Private confrontation first. Where possible, begin quietly. One believer goes to another with humility and truth. This protects dignity and gives space for easy repentance before anything escalates.
Witnesses where needed. If the matter continues, trusted witnesses may become involved — to establish facts, guard against unfairness, and impress the seriousness of the situation on the person.
Elder and pastoral involvement. Elders or pastors need to guide the process when things become serious, ensuring biblical fairness, pastoral care, and doctrinal clarity throughout.
Careful fact-finding. No church should discipline on rumor alone. Facts matter. Evidence matters. Truth matters. Due process is not a secular concept — it reflects the character of a just God.
Repeated calls to repentance. The aim is always to win the person if possible. Patience is often required. Many cases resolve before formal action is ever needed.
Formal action only when necessary. If there is no repentance, formal action may include suspension from the Lord’s Supper, removal from membership, or acknowledgment to the congregation. This should be done with grief, not relish.
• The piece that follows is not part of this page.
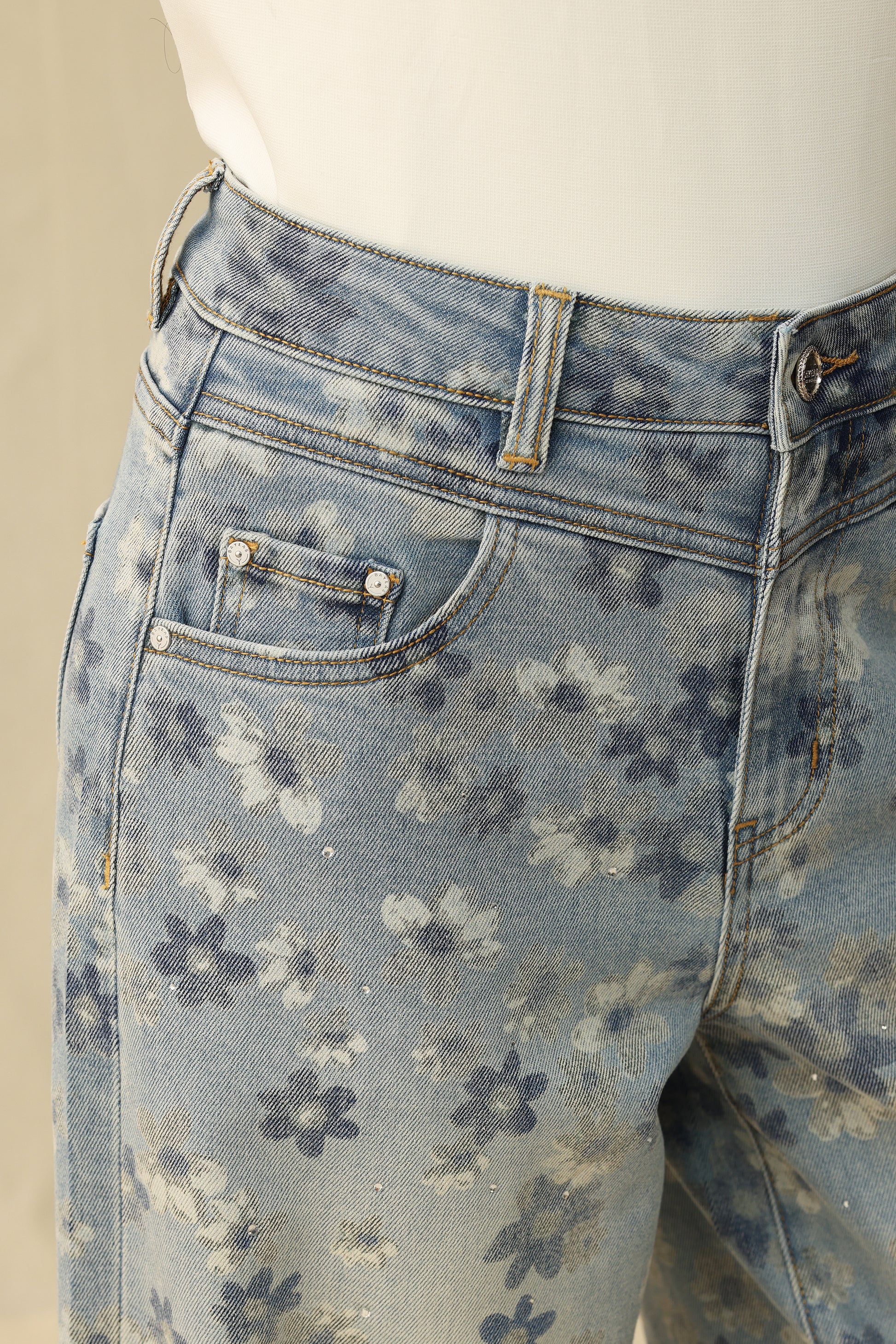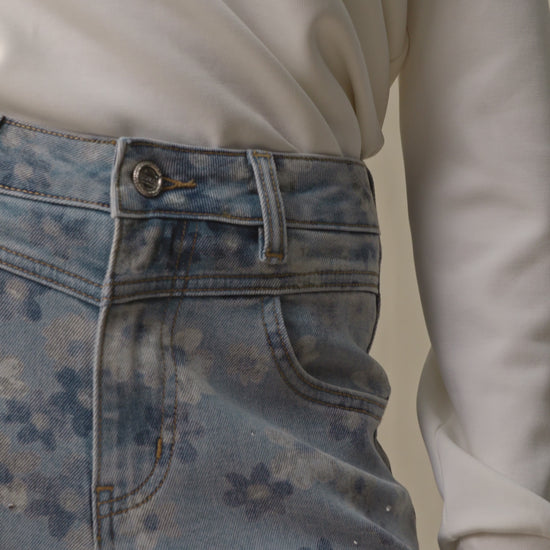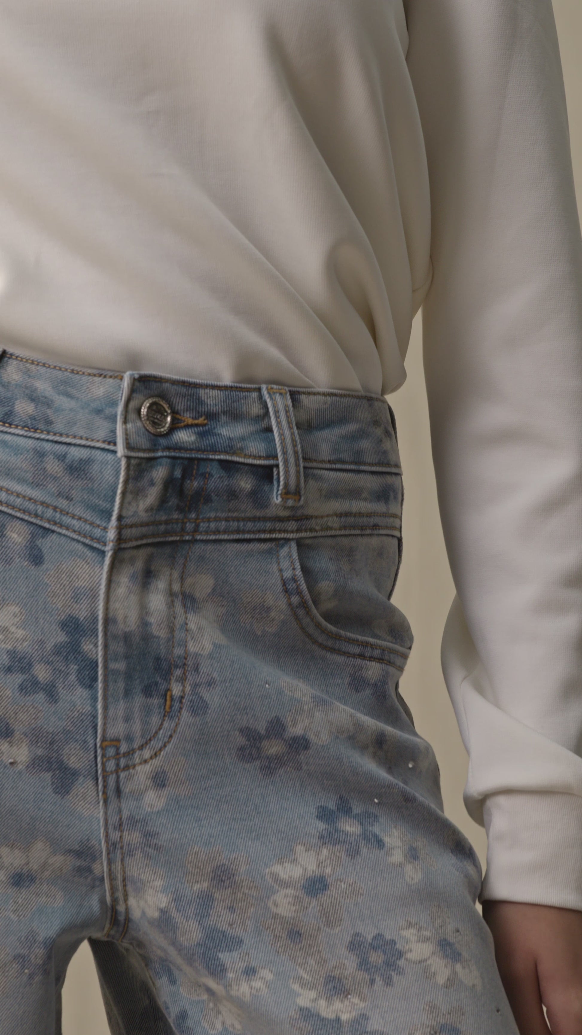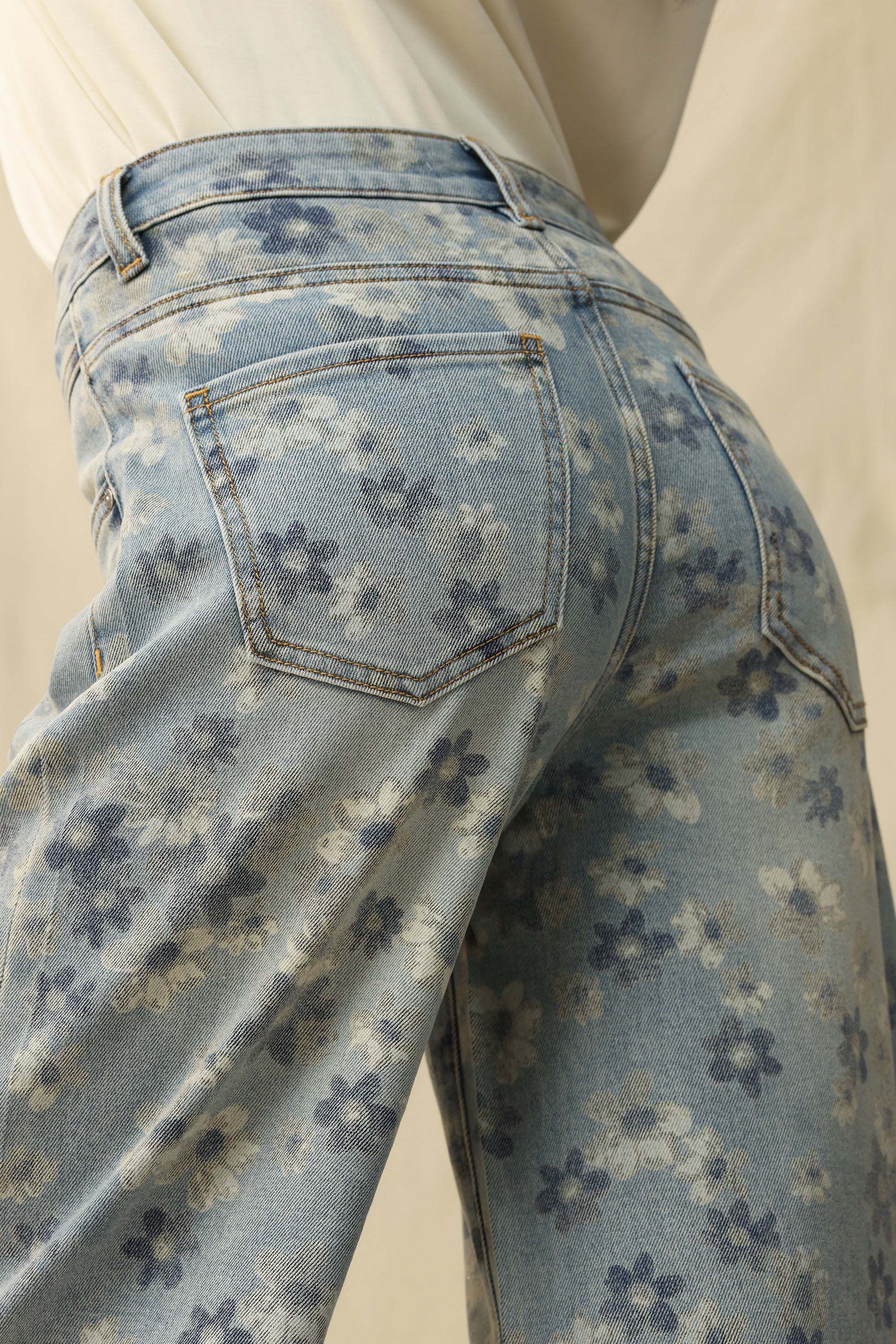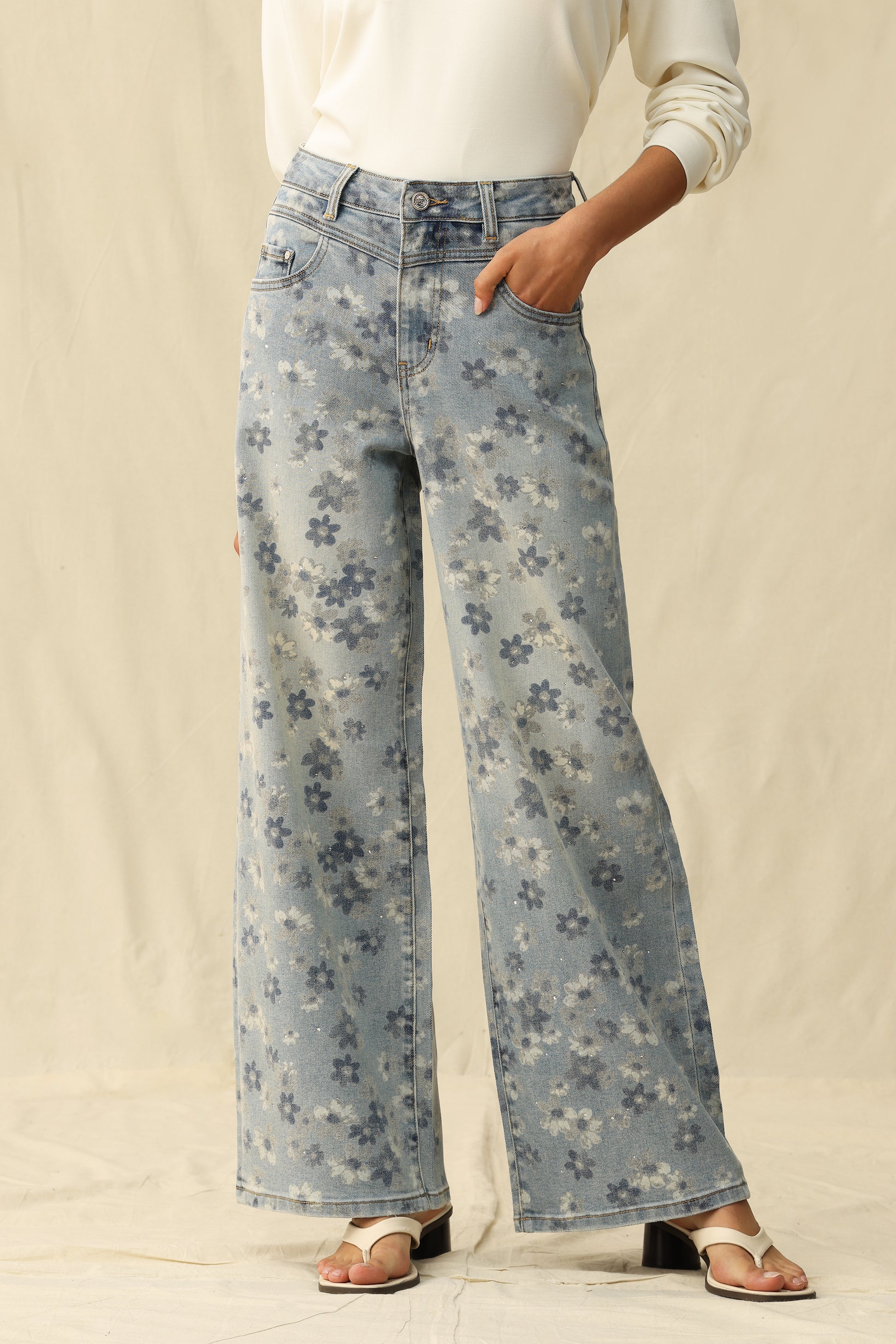 High rise wide leg jeans in a subtle colorway with overlapping daisy motif design and decorative paneling details.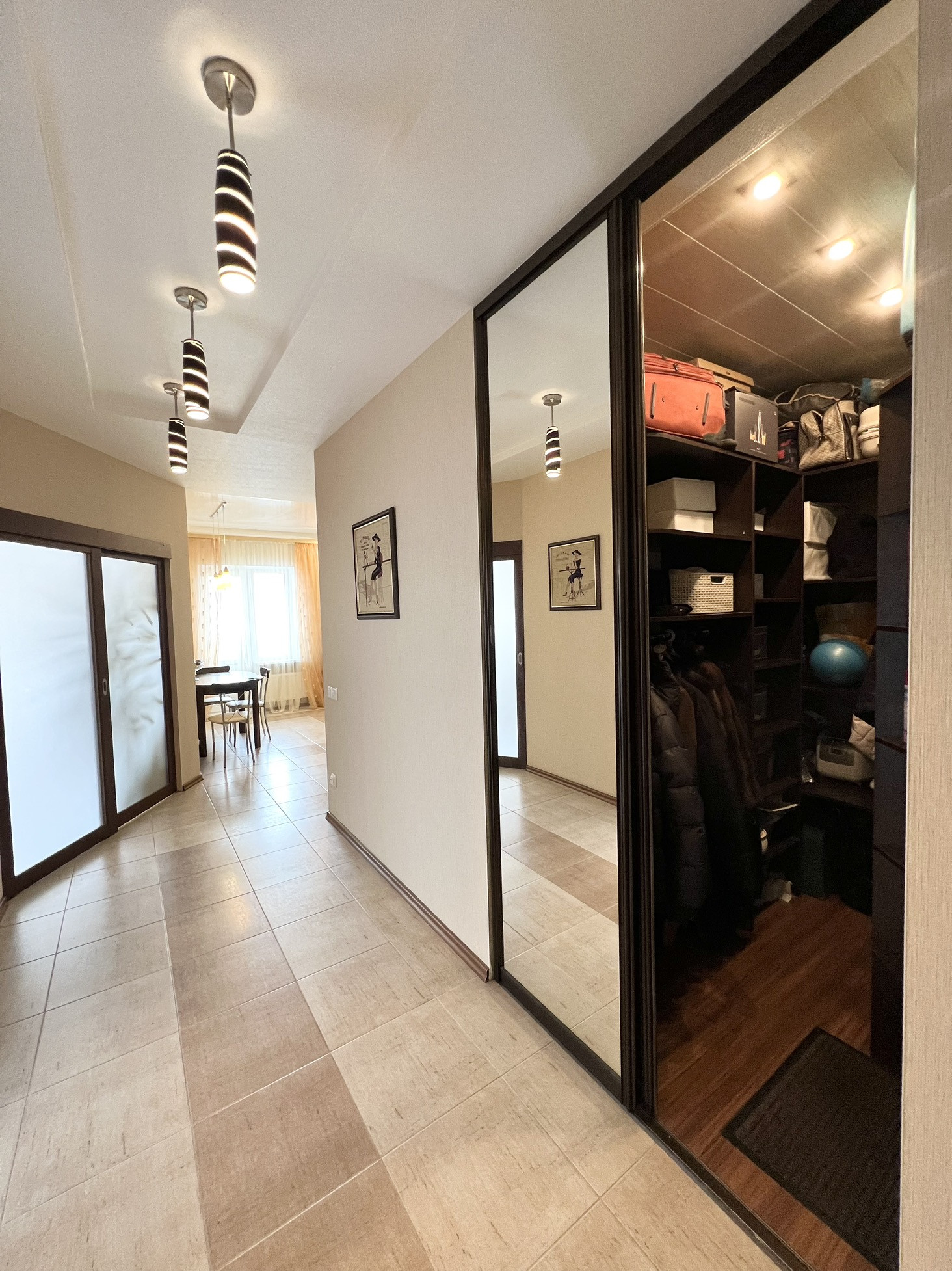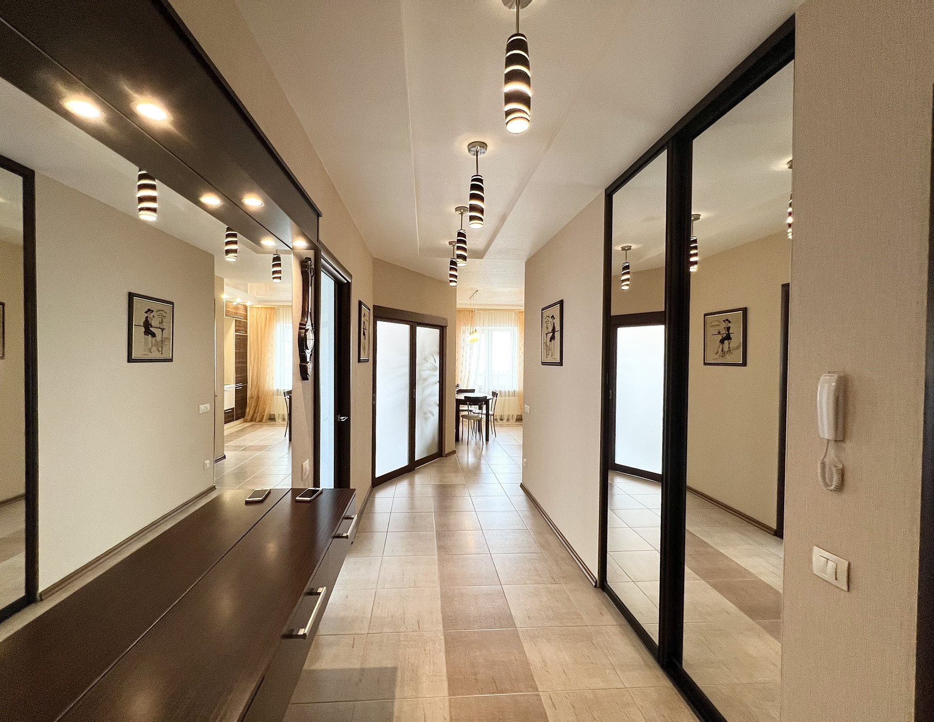 Мебель изготовлена по индивидуальным размерам (с доп.подсветкой). Высокие зеркала в прихожей, спальне!Просторная прихожая с отдельной гардеробной.

Ongoing prayer and hope for restoration. Even after formal discipline, the church should continue to pray and seek restoration wherever there is genuine repentance.
The Spirit It Requires
A church can have sound doctrine on discipline and a completely wrong spirit — and the wrong spirit will do almost as much damage as the wrong doctrine. Discipline must be practiced with humility, because those who confront must remember their own weakness. It must be practiced with love, because the person under discipline is a soul to be cared for, not a problem to be managed. It must be practiced with fairness — no favoritism, no selective toughness, no shielding the powerful while exposing the weak. It must be practiced with clarity, so that people understand what the issue is, what repentance would look like, and what steps are being taken. And it must be practiced with grief, because discipline is never a victory — it is a sorrowful necessity.
When a church treats discipline like a display of power, it has already ceased to reflect Christ. Discipline done rightly looks more like a family gathered around a sick member than a court rendering a verdict.
Common Abuses to Guard Against
Because this doctrine can be badly misused, it is worth naming what bad discipline looks like plainly.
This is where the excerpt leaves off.